While fiat channels remain the dominant tool for criminal financing, Bitcoin appears to have fallen out of favor for criminals as far as cryptocurrencies go.
According to new research, fewer cybercriminals are turning to Bitcoin as their primary method of moving illicit funds, with bad actors opting to go back to fiat channels or choosing other cryptocurrencies.
Digital asset compliance and risk management firm TRM Labs revealed that illicit finance volumes involving Bitcoin (BTC) had fallen significantly over the past seven years, according to its “Illicit Crypto Ecosystem Report,” released on June 28.
TRM Labs said instead a new multichain era has led to a “qualitative leap” away from Bitcoin as a primary means of moving criminal proceeds. The firm also highlighted that cash and other forms of fiat-related finance remain the “default” means of criminal money movements.
“Indeed, cash and even older forms of finance such as hawala (transferring money without physically moving it) remain the default means by which illicit activity is financed and its proceeds are laundered.”

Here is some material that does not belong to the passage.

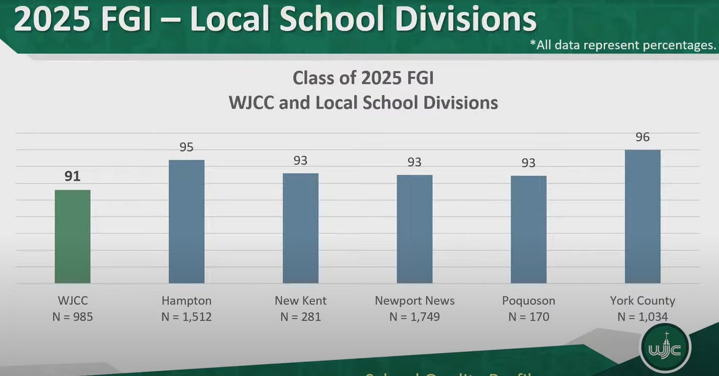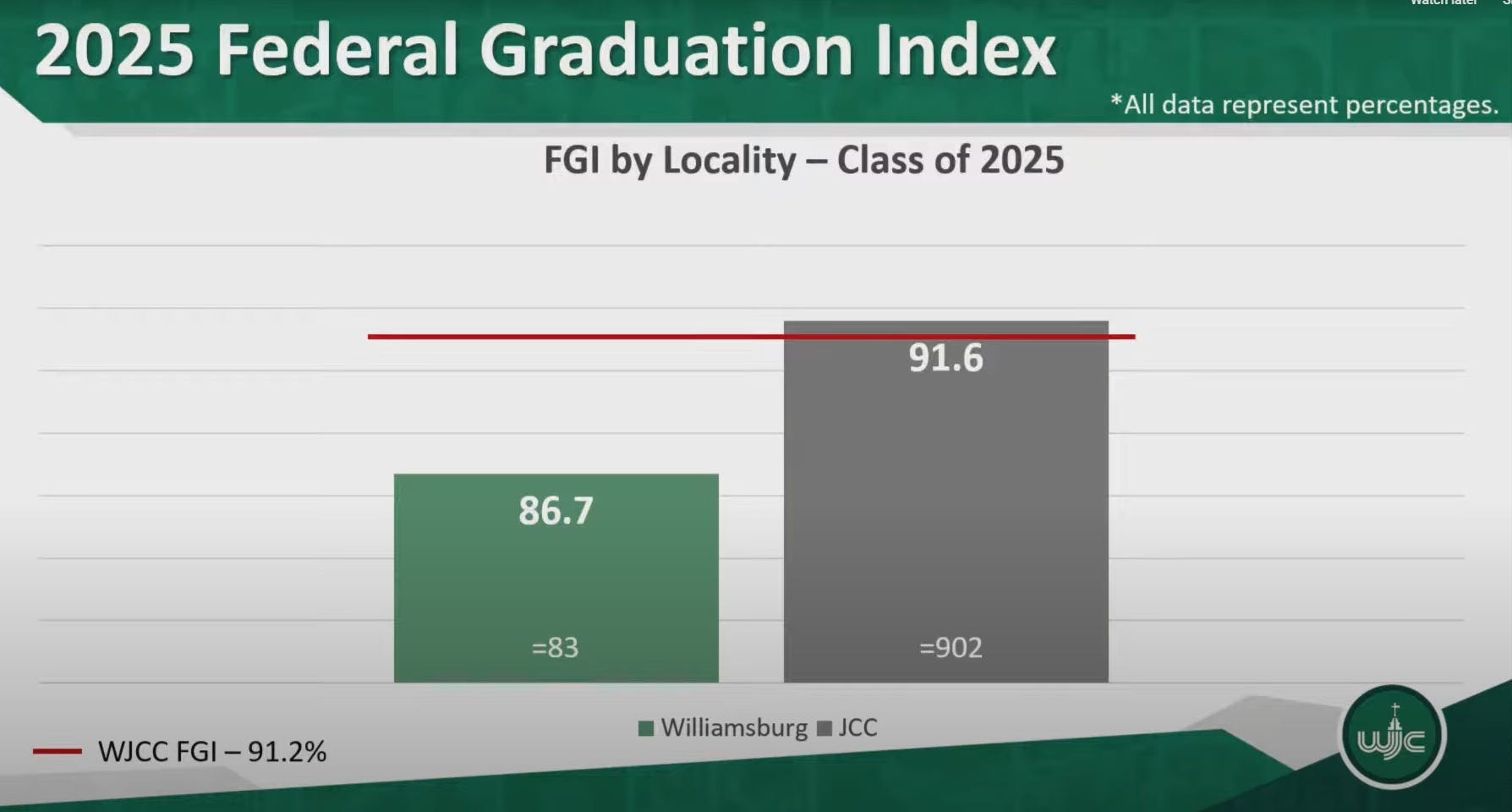 Williamsburg-James City County schools’ graduation rates are slightly better than the state average, but still have some catching up to do with some schools in the region, according to the state education department’s latest scorecard.

TRM Labs also noted that while illicit activity involving crypto has increased, “crypto did not invent these criminal forms."
The firm reported that around $2 billion in crypto was stolen through attacks on cross-chain bridges in 2022, but very little of that was Bitcoin.
“The multi-chain era has had a sweeping impact on the distribution of illicit crypto volume as a whole,” it noted, adding that Bitcoin’s share of illicit transactions plummeted from 97% in 2016 to just 19% in 2022.
Furthermore, while two-thirds of the crypto hack volume was in Bitcoin back in 2016, that had fallen to just under 3% by 2022. The slack was taken up by Ethereum (68%) and BNB Smart Chain (19%), it said.
Meanwhile, Bitcoin was also once the “exclusive currency” for terrorist financing back then as well, but by 2022 it had been “all but replaced” by Tron, with 92%, TRM Labs claims.
Additionally, TRM Labs claims that there has been a 240% increase in the use of Tether (USDT) among the terror financing entities that it tracked in 2022.
The latest illicit finance figures in crypto may be brighter news for Bitcoin, which in recent days looks to be back on the table for institutional adoption.
However, the cryptocurrency saw at least $7.8 billion paid into Ponzi and pyramid schemes, as much as $1.5 billion was spent on darknet markets specializing in narcotics, and $3.7 billion was stolen through DeFi hacks and exploits in 2022, according to TRM Labs.
Related: North Korea and criminals are using DeFi services for money laundering
Earlier this year, Cointelegraph reported that 2022 set a new record for illicit crypto transactions. The total cryptocurrency value received by illicit addresses topped $20 billion last year, according to analytics firm Chainalysis.